> **RECORD SET**:
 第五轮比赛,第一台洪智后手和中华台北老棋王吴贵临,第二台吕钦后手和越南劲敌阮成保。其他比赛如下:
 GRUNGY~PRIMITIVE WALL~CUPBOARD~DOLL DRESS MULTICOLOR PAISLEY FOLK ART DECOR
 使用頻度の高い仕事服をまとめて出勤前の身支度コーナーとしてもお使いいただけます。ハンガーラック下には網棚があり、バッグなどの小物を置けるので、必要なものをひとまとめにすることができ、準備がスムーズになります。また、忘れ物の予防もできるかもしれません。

* * *

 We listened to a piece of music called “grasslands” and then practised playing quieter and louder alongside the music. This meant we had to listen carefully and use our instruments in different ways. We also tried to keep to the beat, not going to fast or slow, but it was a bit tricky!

> **HOW TO COMPLETE THIS TASK**: Only the lines above from the one with "第五轮比赛,第一台洪智后手和" through the one with "使用頻度の高い仕事服をまとめ" should be duplicated, character for character.

> **EXERCISE RESULT**:
 第五轮比赛,第一台洪智后手和中华台北老棋王吴贵临,第二台吕钦后手和越南劲敌阮成保。其他比赛如下:
 GRUNGY~PRIMITIVE WALL~CUPBOARD~DOLL DRESS MULTICOLOR PAISLEY FOLK ART DECOR
 使用頻度の高い仕事服をまとめて出勤前の身支度コーナーとしてもお使いいただけます。ハンガーラック下には網棚があり、バッグなどの小物を置けるので、必要なものをひとまとめにすることができ、準備がスムーズになります。また、忘れ物の予防もできるかもしれません。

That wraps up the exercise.